(Task brief) In the entries that follow, the first line to write out is the one containing "Der OneHive Zahnungsroller", and the last is the one containing "将你的生活记录下来吧!《喏简". Reproduce that stretch exactly, with nothing before or after it.

(Material to process)
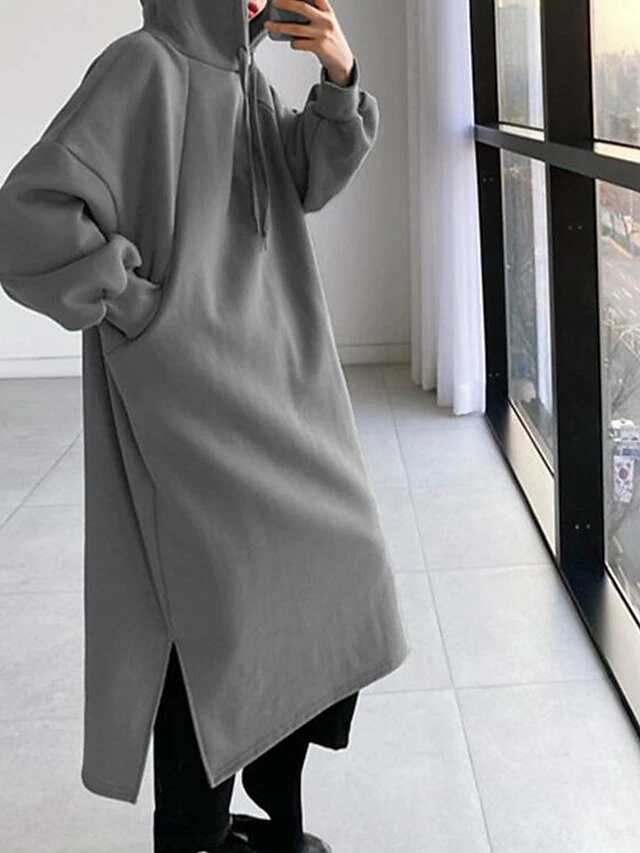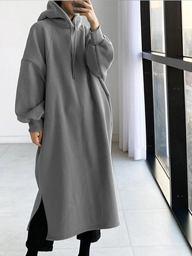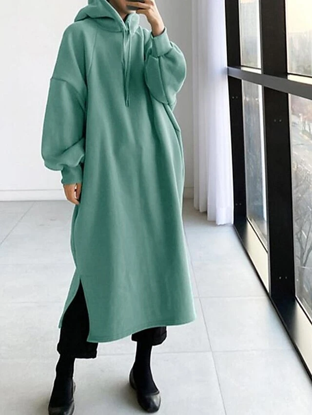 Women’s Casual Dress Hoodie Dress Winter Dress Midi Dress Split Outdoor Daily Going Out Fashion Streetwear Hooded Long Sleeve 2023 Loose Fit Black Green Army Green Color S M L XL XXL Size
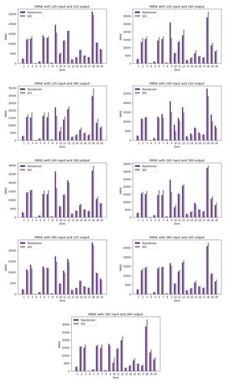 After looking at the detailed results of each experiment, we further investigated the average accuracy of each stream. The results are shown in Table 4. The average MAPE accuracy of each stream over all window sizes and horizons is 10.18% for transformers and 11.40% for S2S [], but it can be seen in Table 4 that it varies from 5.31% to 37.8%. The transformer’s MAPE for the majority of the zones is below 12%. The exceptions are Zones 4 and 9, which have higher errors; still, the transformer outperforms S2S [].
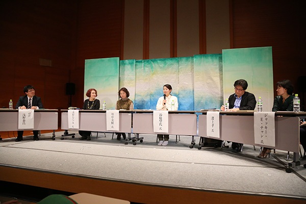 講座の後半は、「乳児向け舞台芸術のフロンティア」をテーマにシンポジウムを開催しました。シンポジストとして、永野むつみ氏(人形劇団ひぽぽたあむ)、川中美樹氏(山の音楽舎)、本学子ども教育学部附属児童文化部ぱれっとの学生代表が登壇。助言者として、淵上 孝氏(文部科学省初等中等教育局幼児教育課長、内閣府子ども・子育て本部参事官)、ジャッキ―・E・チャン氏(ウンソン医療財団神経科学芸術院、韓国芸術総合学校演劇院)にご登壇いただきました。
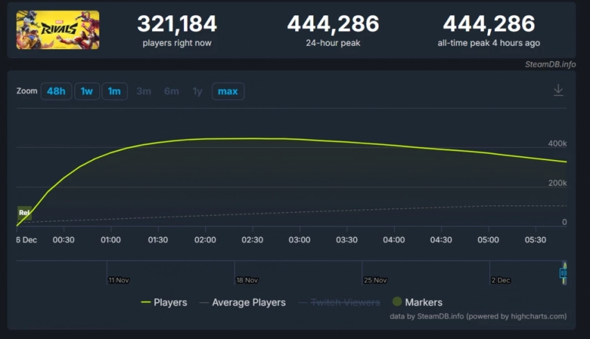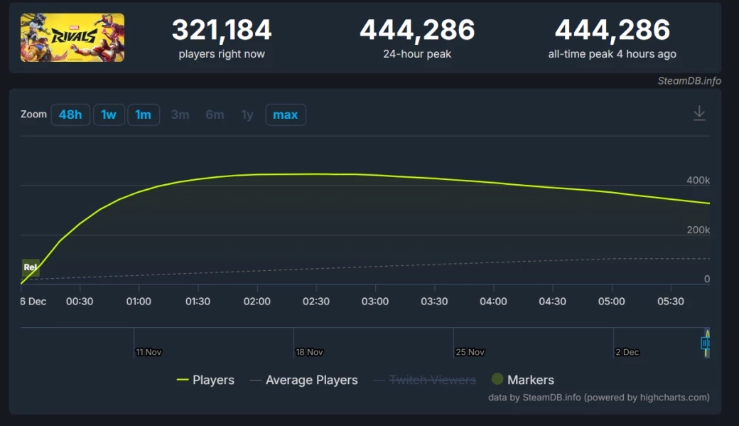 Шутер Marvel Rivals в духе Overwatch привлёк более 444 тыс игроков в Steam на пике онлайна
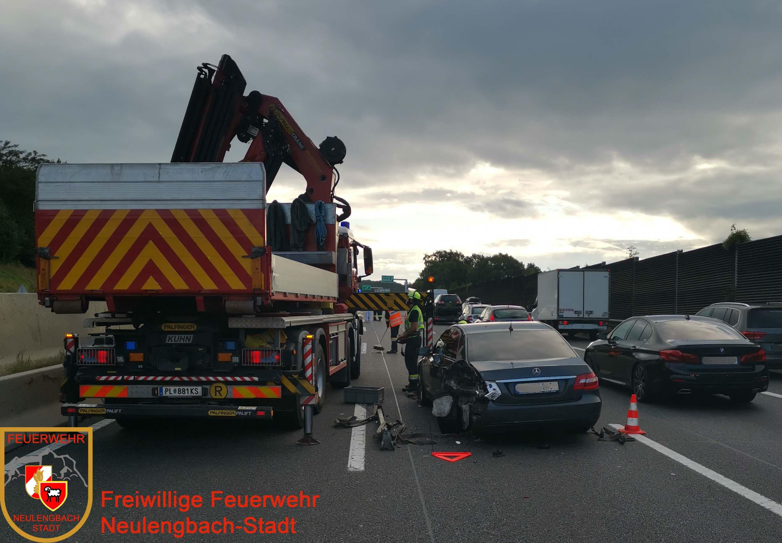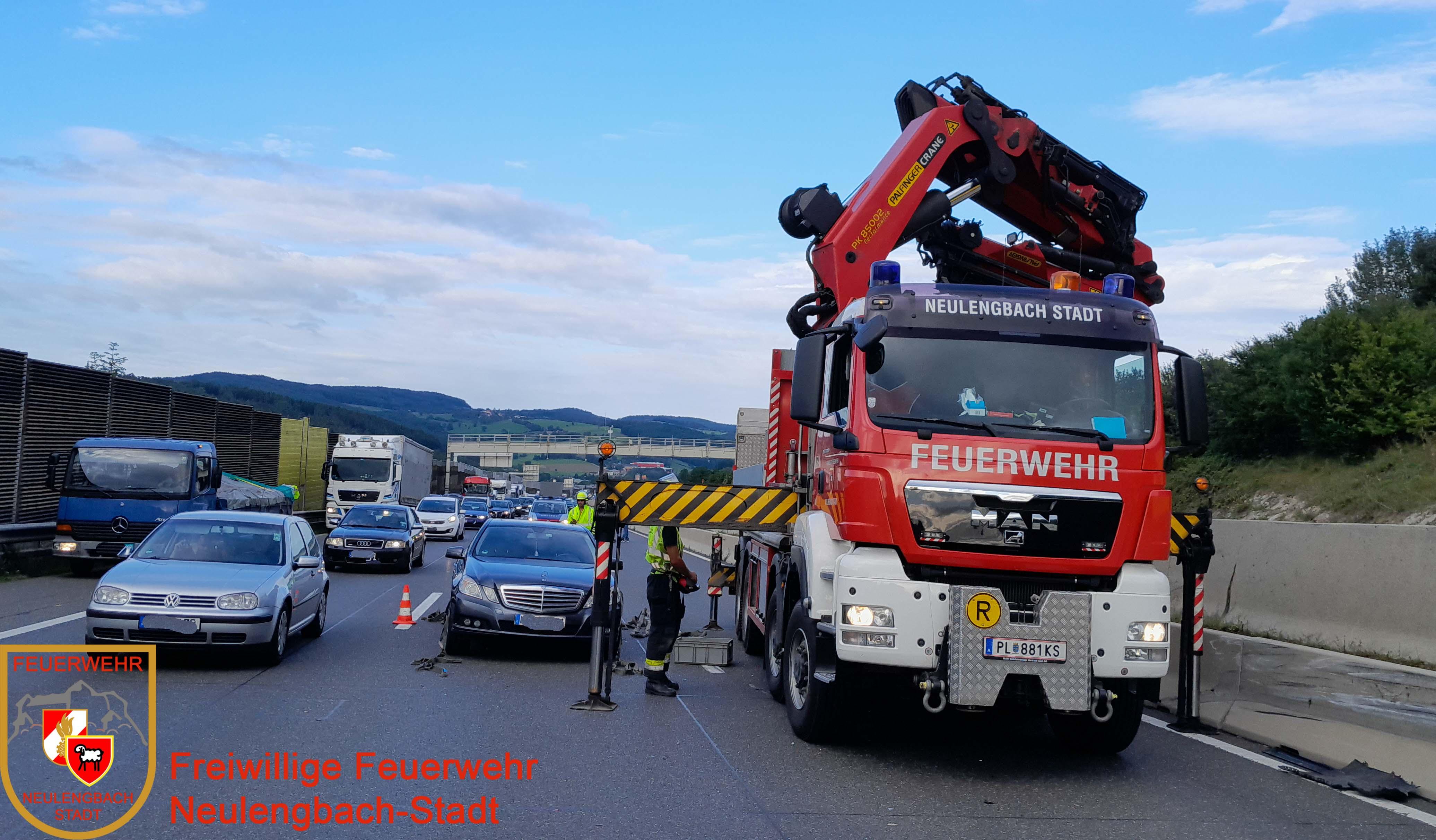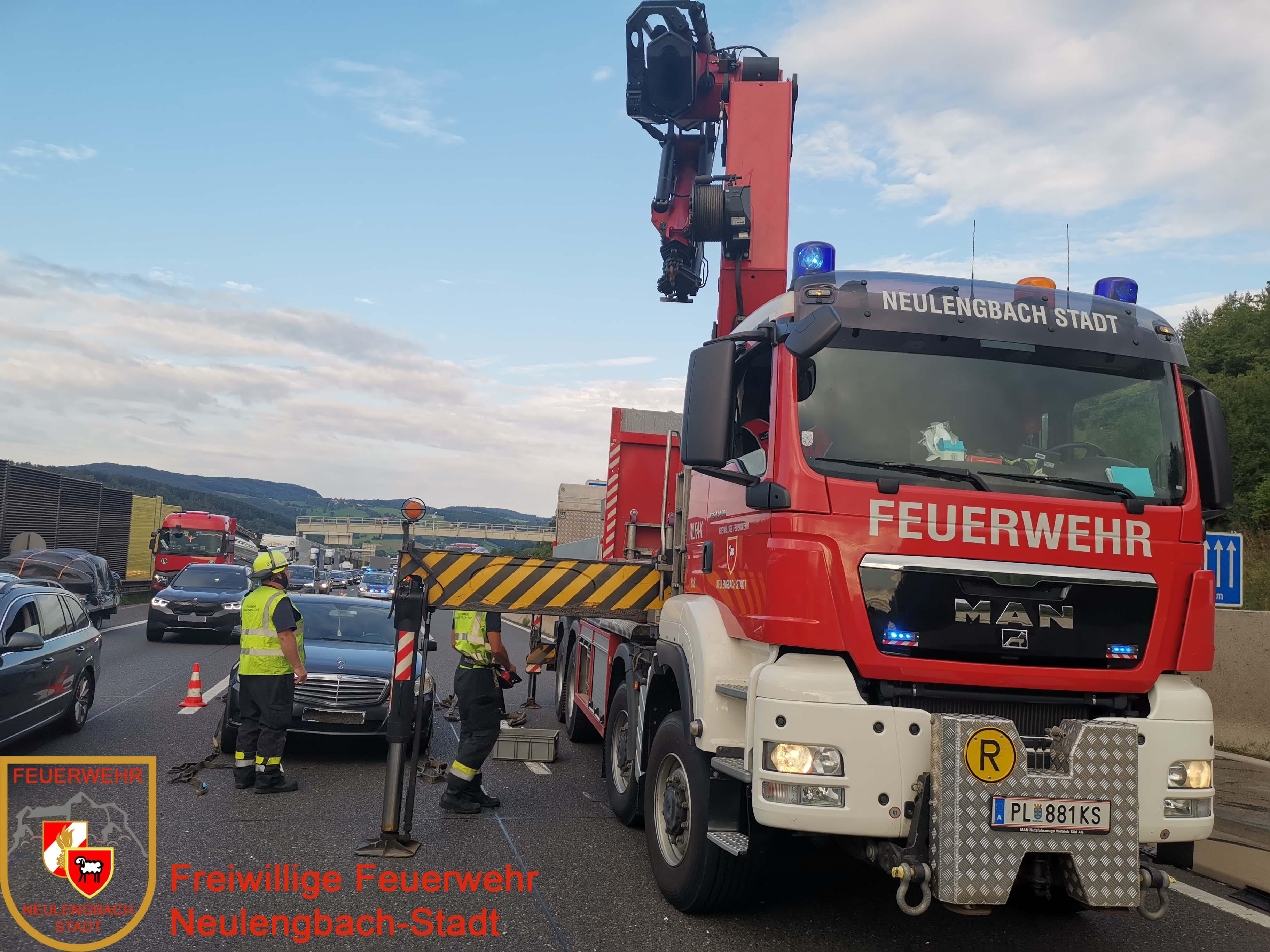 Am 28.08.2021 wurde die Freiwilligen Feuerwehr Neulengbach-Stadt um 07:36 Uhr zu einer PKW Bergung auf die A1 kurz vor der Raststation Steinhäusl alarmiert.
---
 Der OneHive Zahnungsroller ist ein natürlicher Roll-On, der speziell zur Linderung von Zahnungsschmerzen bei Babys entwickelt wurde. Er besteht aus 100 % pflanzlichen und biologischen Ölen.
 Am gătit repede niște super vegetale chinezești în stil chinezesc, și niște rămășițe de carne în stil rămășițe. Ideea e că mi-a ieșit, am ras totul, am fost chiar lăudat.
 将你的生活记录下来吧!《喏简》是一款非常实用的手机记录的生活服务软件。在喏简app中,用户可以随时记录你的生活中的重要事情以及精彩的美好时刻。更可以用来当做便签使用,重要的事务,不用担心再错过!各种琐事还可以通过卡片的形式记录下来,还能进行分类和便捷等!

(Result of this task)
 Der OneHive Zahnungsroller ist ein natürlicher Roll-On, der speziell zur Linderung von Zahnungsschmerzen bei Babys entwickelt wurde. Er besteht aus 100 % pflanzlichen und biologischen Ölen.
 Am gătit repede niște super vegetale chinezești în stil chinezesc, și niște rămășițe de carne în stil rămășițe. Ideea e că mi-a ieșit, am ras totul, am fost chiar lăudat.
 将你的生活记录下来吧!《喏简》是一款非常实用的手机记录的生活服务软件。在喏简app中,用户可以随时记录你的生活中的重要事情以及精彩的美好时刻。更可以用来当做便签使用,重要的事务,不用担心再错过!各种琐事还可以通过卡片的形式记录下来,还能进行分类和便捷等!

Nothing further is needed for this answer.